Day Seven—Fourteen teams remaining


Lauren


Three daysafter our treasure-hunting expedition, I woke up later than usual, according to the height of the sun, anyway. Alone in the shelter and feeling groggy, I stood and rubbed my eyes, just wanting to curl up and go back to sleep.

This was apparently the day hunger and exhaustion were hitting me. I’d been told it would happen, but I hadn’t expected it to be so intense. My limbs were heavy and I was fantasizing about bacon and eggs…again.

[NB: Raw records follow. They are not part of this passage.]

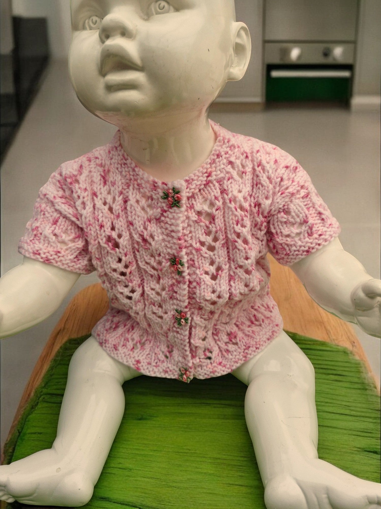 Brand new Baby's Hand Knitted Lacy Jacket in Pink Tweed. Jacket has Round Neck, Short Sleeves and fastens with 4 press stud covered with embroidered Pink bouquets. Yarn is James Brett Baby DK yarn. Made from 100% Acrylic - cool machine wash - DK weight yarn.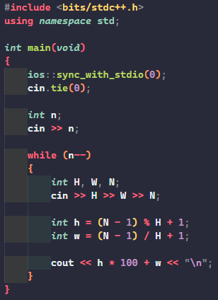 백준 C++ 10250번 ACM 호텔 ( 컴퓨터는 0, 나는 1 ) 본문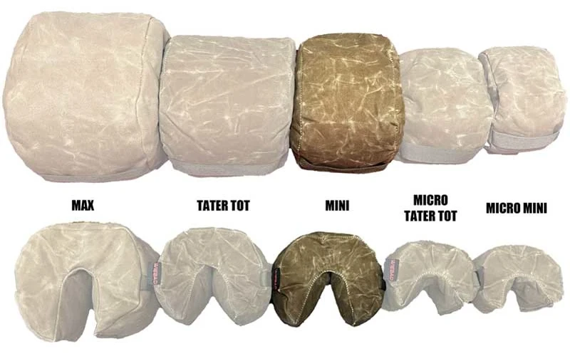 The MINI Fortune Cookie also known as the PUPPY is one of our original products and a shooter favorite. Based on the same Thin Wax Canvas as the Tater Tot and provides the same advantages on a smaller footprint. The side panels are based on a 7” circle while the width of the body is 5”. Thin Wax Canvas is utilized for this product to allow for maximum conformity to prop of various shapes and rifle.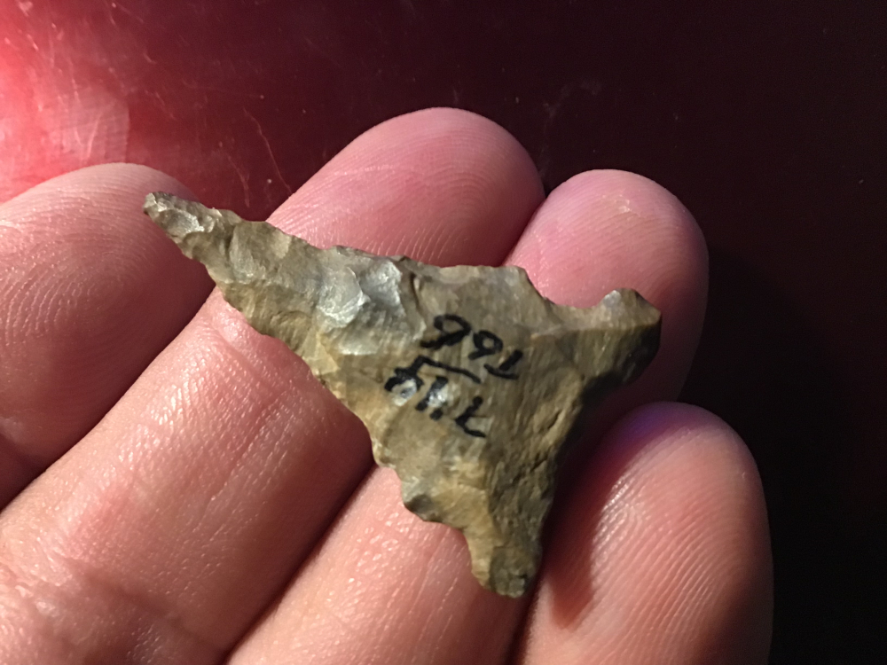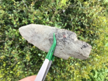 This is a fine example of the Keithville type of San Patrice. Recovered in Sabine County, it has a nice tip and heavily ground base and stem made of Petrified Wood. The base is heavily thinned and it comes with a Bill German coa. I have the shipping. 1.5 x .9375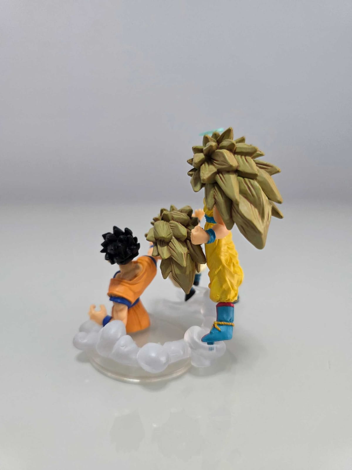 Diorama triple con Gotenks, Goku y Gohan Definitivo, todos en posición de ataque coordinado. Base de soporte transparente con efecto de energía. Una de las escenas más dinámicas de la línea Imagination.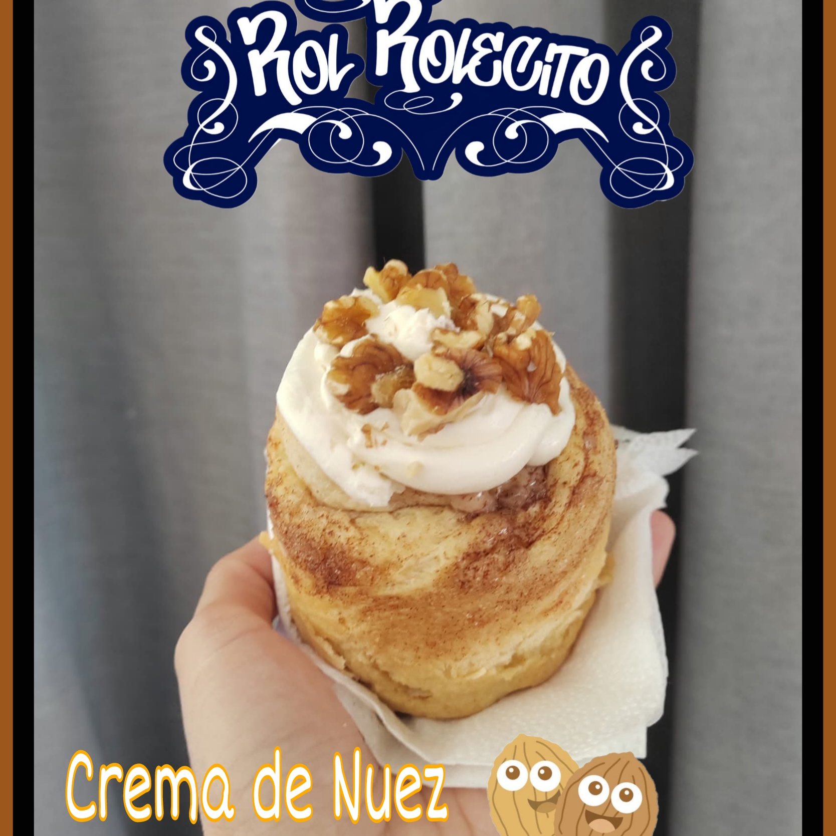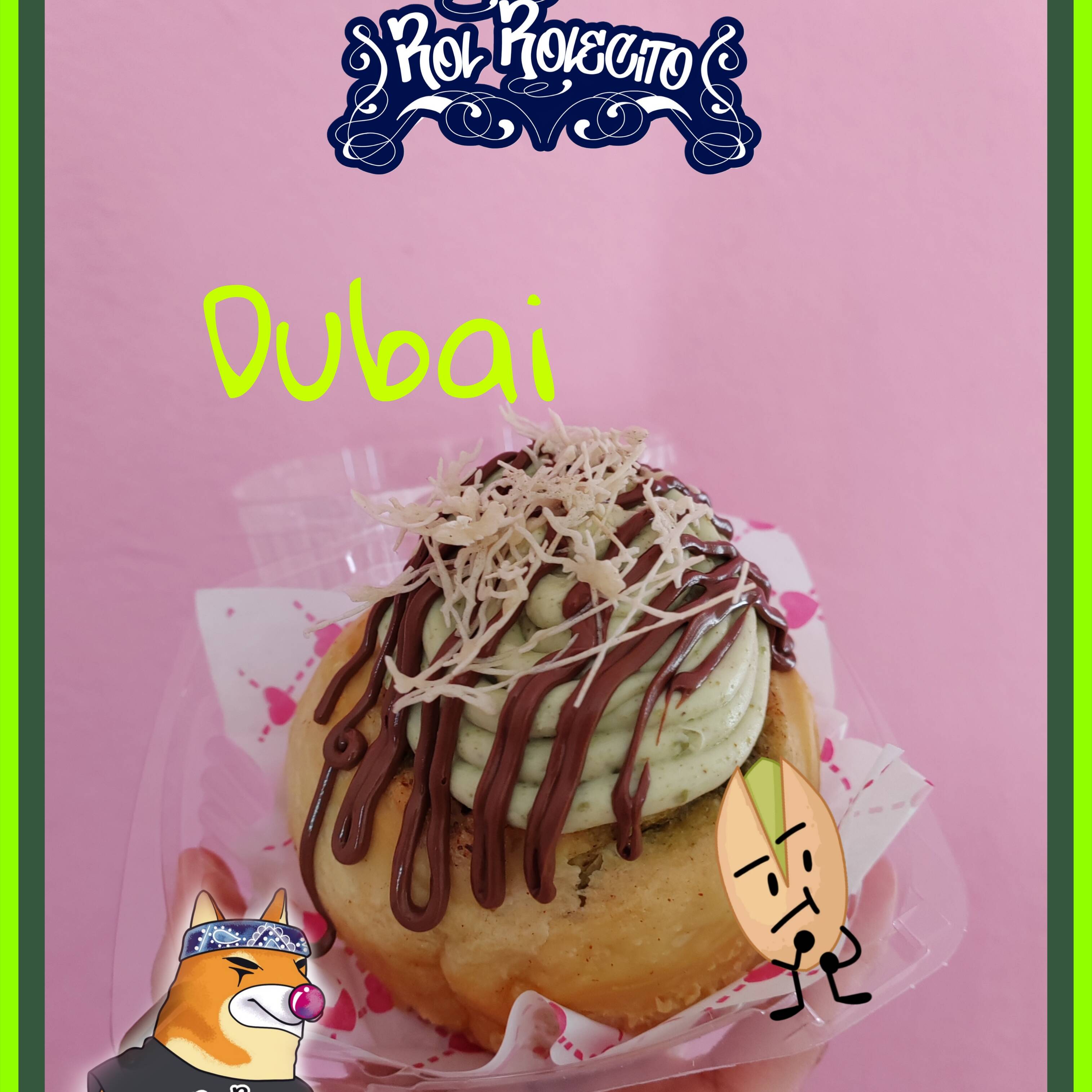 Rol de canela premium estilo Dubái, relleno de pasta de Pistache y chocolate blanco, con nuestra cubierta de queso crema sabor pistache, bañado de Nutella y pasta Kataifi.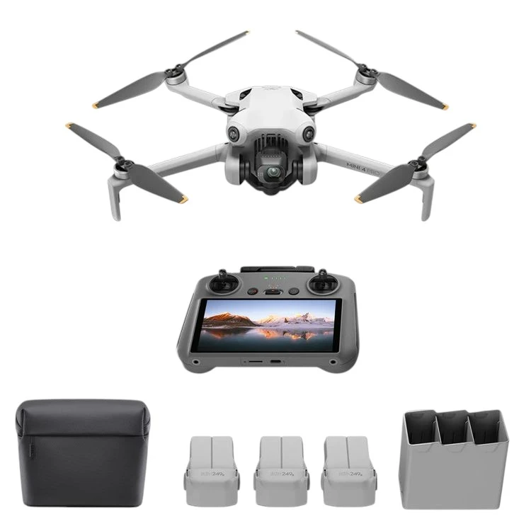 Съдържание на комплекта: - Дрон DJI Mini 4 x 1; - Дистанционно управление RC2 x 1; - Интелигентна батерия x 3; - Чантичка за пренос и съхранение х1 - Хъб за зареждане на батерии х1 - Чифт пропелери x 6; - Кабел Type-C x 1; - Предпазител за гимбал x 1; - Чифт джойстици x 1.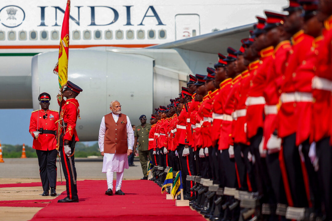Indian Prime Minister Narendra Modi inspects guard of honor upon his arrival in Accra, Ghana, on July 2, 2025. PIB/AFP via Getty Images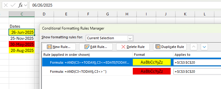 =AND(C3>=TODAY(),C3<=EDATE(TODAY(),3)) =AND(C3<TODAY(),C3<>"")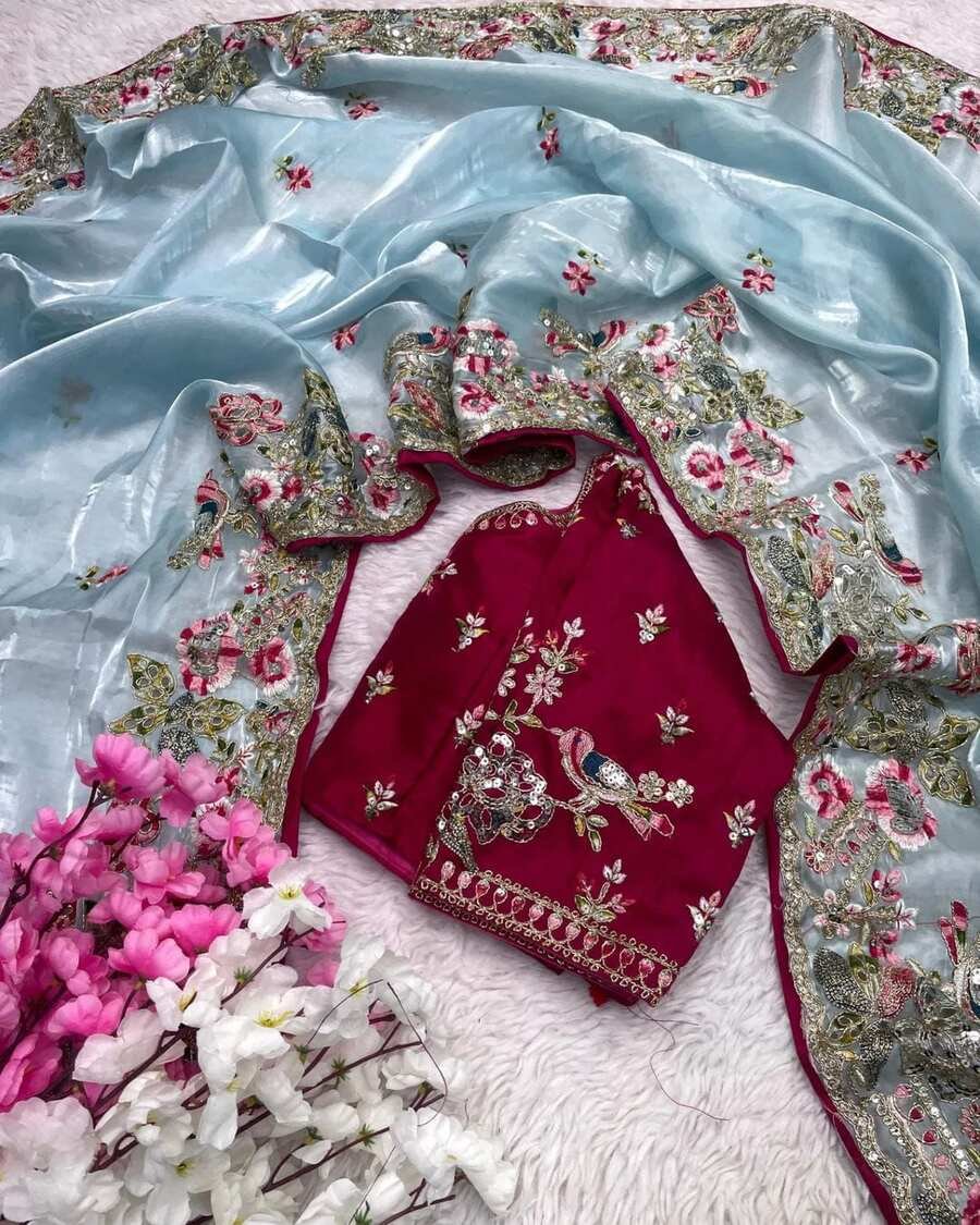RICH LOOK JIMMY CHOO SEQUENCE THREAD EMBROIDERY CODING WORK SAREE WITH UNSTITCHED BLOUSE SKY

As I left the shelter, a light rain fell on my face and arms. I grabbed a canteen and retreated back to the shelter, where I sat alone with my fatigue until Archer walked back into camp, Linda following him with a camera on her shoulder.

“No luck with fishing this morning, but we’ll still have meat,” Archer said, holding up a snake that was at least four feet long.

“Holy shit, that thing better be dead,” I said, instinctively scooting against the back of the shelter.

“Notice how it’s not moving?” he asked dryly.

I narrowed my eyes, his words about still having meat sinking in.

“Wait, are you planning to eat that thing?”

He nodded. “Tastes like chicken. We have to have protein and carbs for the competition today.”

Tears welled in my eyes, but I couldn’t comprehend why. Was it the exhaustion, the hunger, or the reptile on our breakfast menu?

Honestly, it was all of the above, and also homesickness. But I wouldn’t wallow. I took a couple deep breaths and pulled myself together.

“Want me to cook the rice?” I asked, emerging from the shelter.

“That’d be great. We’ve got an hour until we need to leave, and I have to skin and clean this thing.”

I deliberately didn’t look at the snake as Archer cleaned it. Instead, I watched him. The dark scruff on his cheeks was definitely working for me. His muscled chest and arms had tanned in the past week, and his black shorts hung a little lower on his hips. He had a single tattoo on his chest—a replica of the Purple Heart his grandpa had been awarded when wounded as a POW in Vietnam.

Archer had spent the past couple of days building a raft, weaving rope out of grass. I’d gathered snails, which were my least favorite thing to eat here, and spent a lot of time walking the beach.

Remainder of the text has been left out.